--- Supplied data Enclosed Below ---
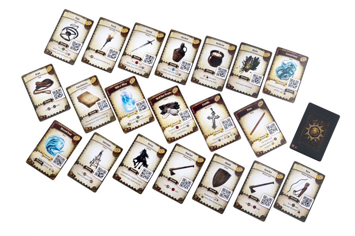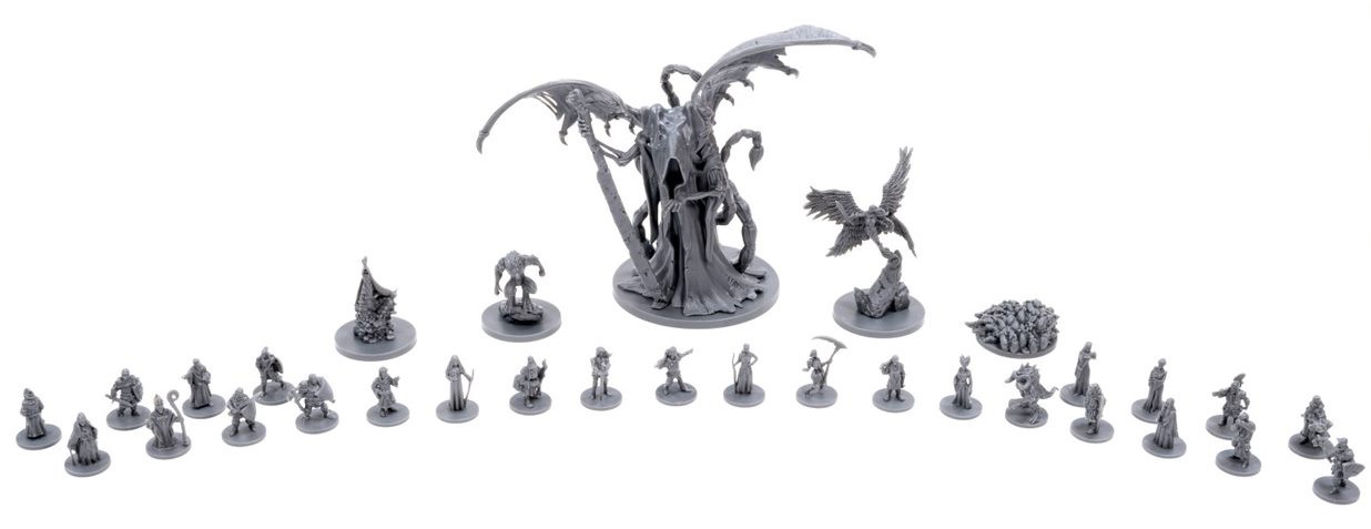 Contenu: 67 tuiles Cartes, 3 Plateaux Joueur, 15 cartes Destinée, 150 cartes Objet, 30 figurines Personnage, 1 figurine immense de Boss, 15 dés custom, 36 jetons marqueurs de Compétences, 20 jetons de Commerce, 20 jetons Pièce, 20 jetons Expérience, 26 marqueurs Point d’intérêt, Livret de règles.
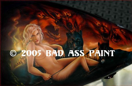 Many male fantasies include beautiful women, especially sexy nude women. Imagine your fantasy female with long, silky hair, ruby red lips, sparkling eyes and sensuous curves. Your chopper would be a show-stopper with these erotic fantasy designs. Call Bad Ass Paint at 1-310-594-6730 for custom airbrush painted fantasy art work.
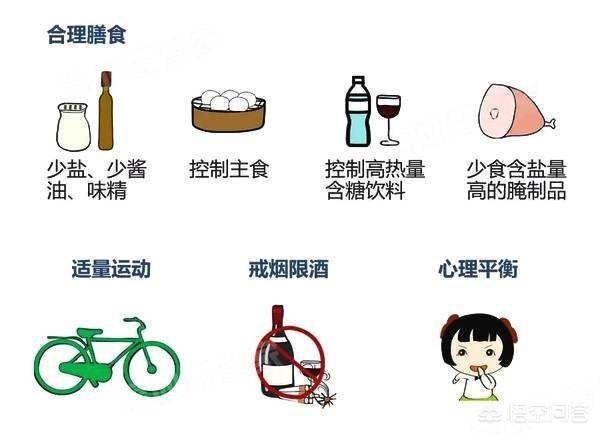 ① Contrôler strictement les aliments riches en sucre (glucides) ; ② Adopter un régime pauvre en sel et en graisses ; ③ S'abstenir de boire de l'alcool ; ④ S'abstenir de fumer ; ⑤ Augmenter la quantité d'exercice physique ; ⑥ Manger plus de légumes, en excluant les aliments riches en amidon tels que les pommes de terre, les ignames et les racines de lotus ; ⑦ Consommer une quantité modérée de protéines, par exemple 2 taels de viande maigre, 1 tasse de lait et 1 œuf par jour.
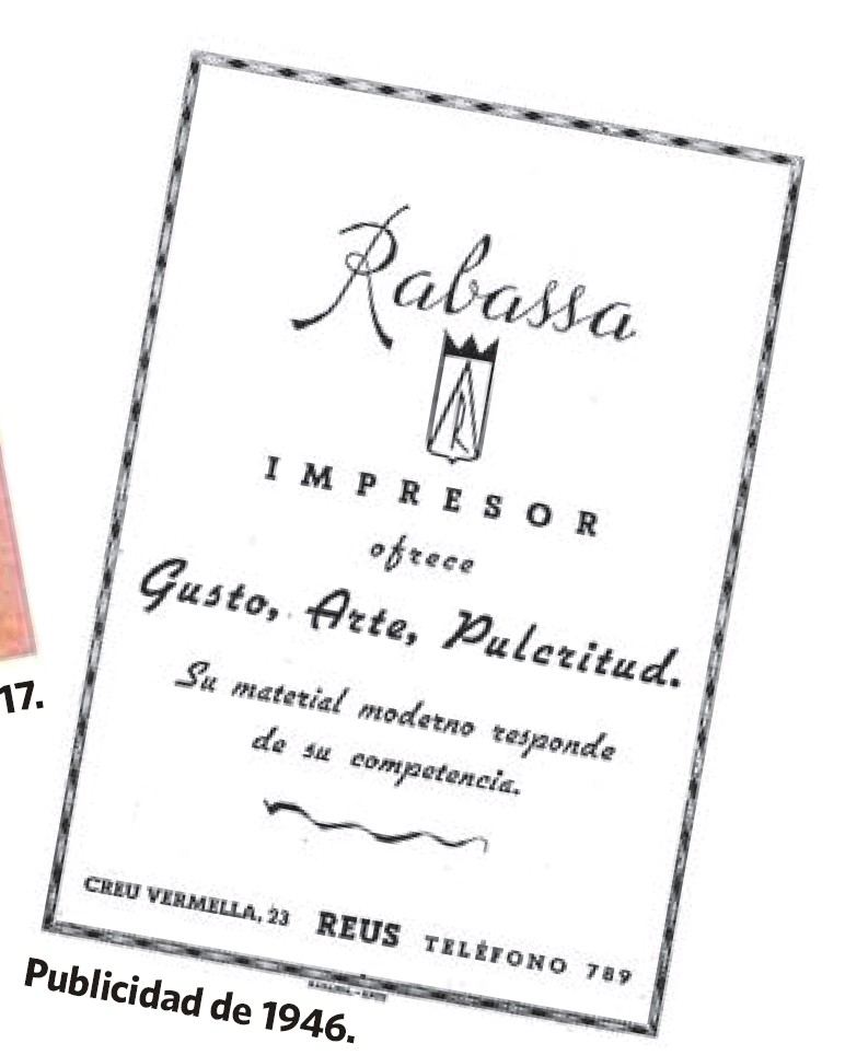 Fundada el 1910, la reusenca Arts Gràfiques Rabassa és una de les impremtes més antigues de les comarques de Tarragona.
--- End of Enclosed Supplied data ---
Task objective:
Each line above is to be copied exactly, and the pictures are to be dropped.

Result of this task:
 Contenu: 67 tuiles Cartes, 3 Plateaux Joueur, 15 cartes Destinée, 150 cartes Objet, 30 figurines Personnage, 1 figurine immense de Boss, 15 dés custom, 36 jetons marqueurs de Compétences, 20 jetons de Commerce, 20 jetons Pièce, 20 jetons Expérience, 26 marqueurs Point d’intérêt, Livret de règles.
 Many male fantasies include beautiful women, especially sexy nude women. Imagine your fantasy female with long, silky hair, ruby red lips, sparkling eyes and sensuous curves. Your chopper would be a show-stopper with these erotic fantasy designs. Call Bad Ass Paint at 1-310-594-6730 for custom airbrush painted fantasy art work.
 ① Contrôler strictement les aliments riches en sucre (glucides) ; ② Adopter un régime pauvre en sel et en graisses ; ③ S'abstenir de boire de l'alcool ; ④ S'abstenir de fumer ; ⑤ Augmenter la quantité d'exercice physique ; ⑥ Manger plus de légumes, en excluant les aliments riches en amidon tels que les pommes de terre, les ignames et les racines de lotus ; ⑦ Consommer une quantité modérée de protéines, par exemple 2 taels de viande maigre, 1 tasse de lait et 1 œuf par jour.
 Fundada el 1910, la reusenca Arts Gràfiques Rabassa és una de les impremtes més antigues de les comarques de Tarragona.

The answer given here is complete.